Hare roll clouds...or whatever you call them. I've seen clouds which resembled funnels. Hech, a small twister came past my home as a child once, went straight down the tracks into town. Fortunately it just blew off a few roofs and uprooted a tree or two before going on about its business. No one was harmed and it was a small town where everybody knew one another. Those things are beasts. Great vid. Thanks.🙂👍
I remember being a kid in Illinois seeing that rotating green wall cloud. It scared me and fascinated me at the same time I couldnt move as a tornado popped out of it went right over my head and took out a huge oak tree as big as a house! Later I ended up moving to that town that got hit and devastated by one of the tornados in this video.
I watched this with my dad at a spotter meeting with his ham radio friends, when I was just a kid! We videotaped it, along with a Terrible Tuesday (Wichita Falls) video.

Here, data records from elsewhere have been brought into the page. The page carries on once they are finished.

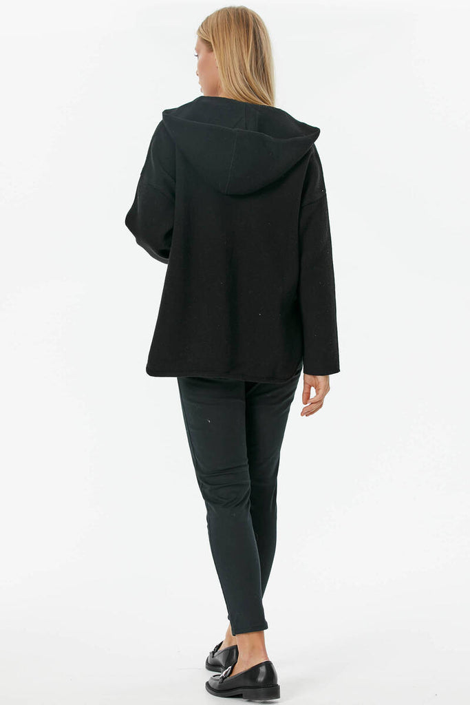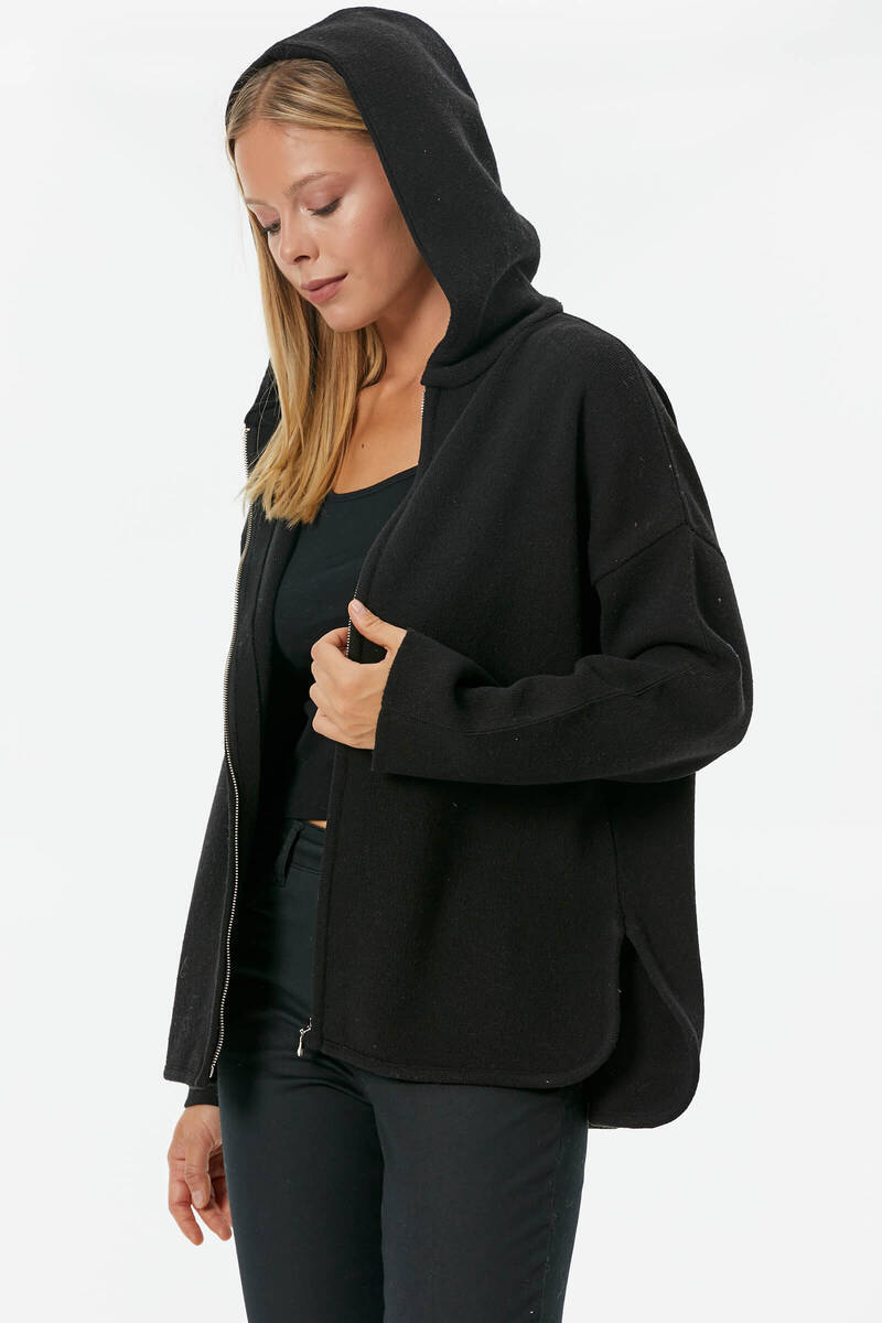 Kapüşonlu, fermuarlı formu ile kullanım kolaylığı sunan, önü kısa arkası uzun triko ceket ile en şık kombinlerinizi tamamlayacaksınız.
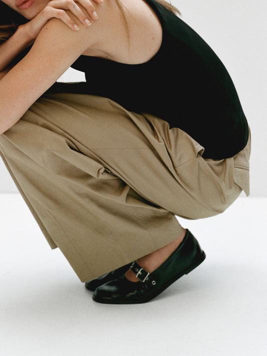Black Round-Toe Strap Closure With Buckle Ballet Flats
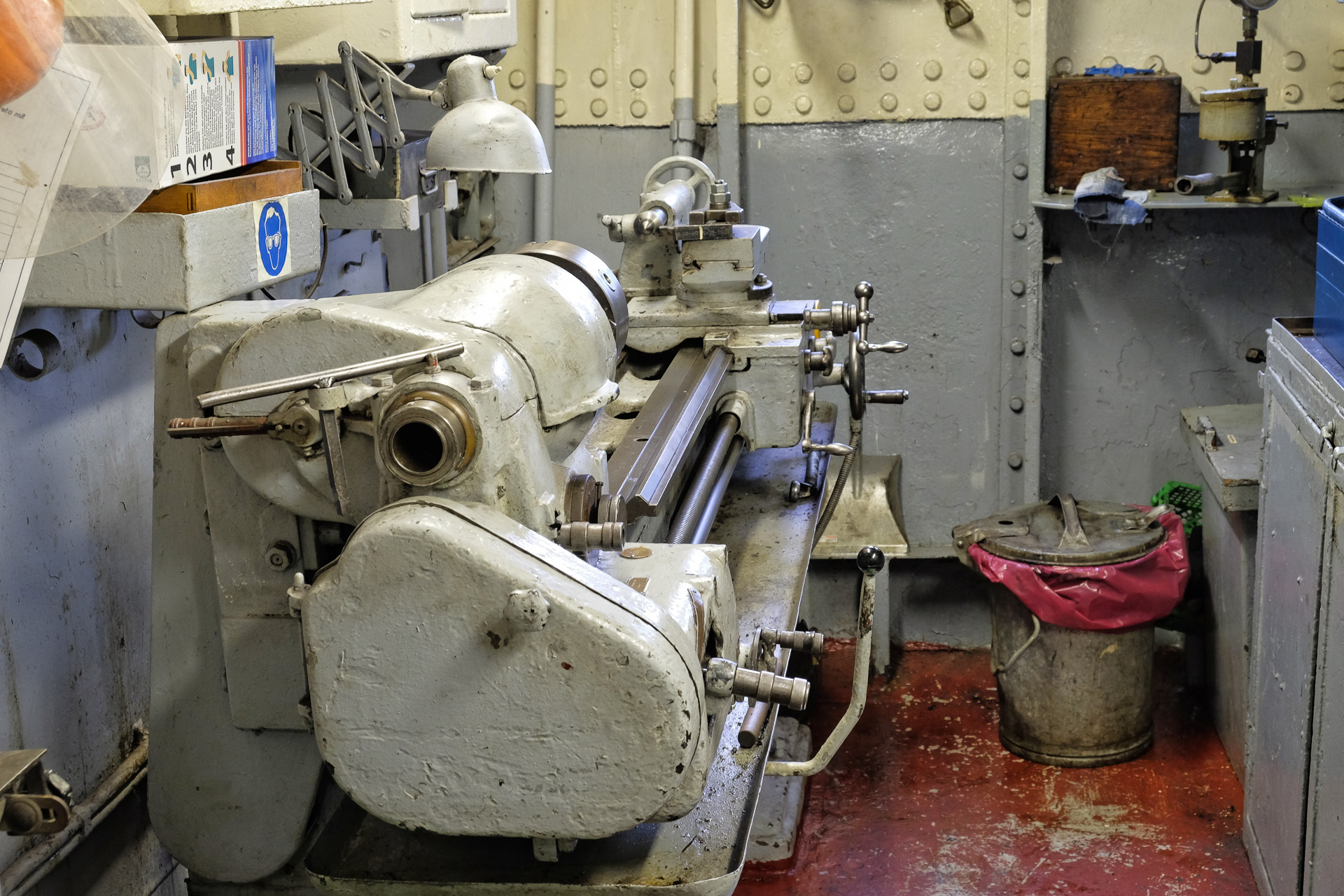 Im Maschinenraum gibt es auch eine kleine Werkstatt mit einer Drehbank.
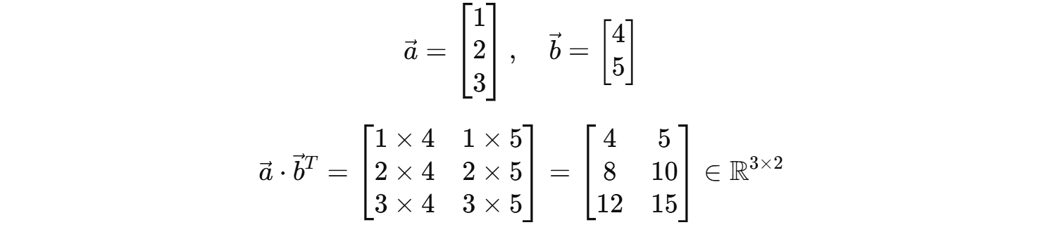 Outer product(외적)은 두 벡터의 곱을 통해 행렬을 생성하는 연산입니다.

Loved watching them.
I have this one, Terrible Tuesday and "Day of the killer tornadoes", the latter about the 1974 Super Outbreak. All on the same tape.
I'm a trained skywarn storm spotter and I can't stand when spotters call in a tornado report and all it was was a rain shaft I have never called in a fake tornado report I go back to my training and I'll watch it over w period of time
Yep agreed. What I can’t stand is when a spotter gets on the radio and ignores reporting criteria. And who the hell cares whether (insert town here) has their sirens going? Those are activated by a firefighter. The sirens don’t magically turn on the minute a cloud rotates.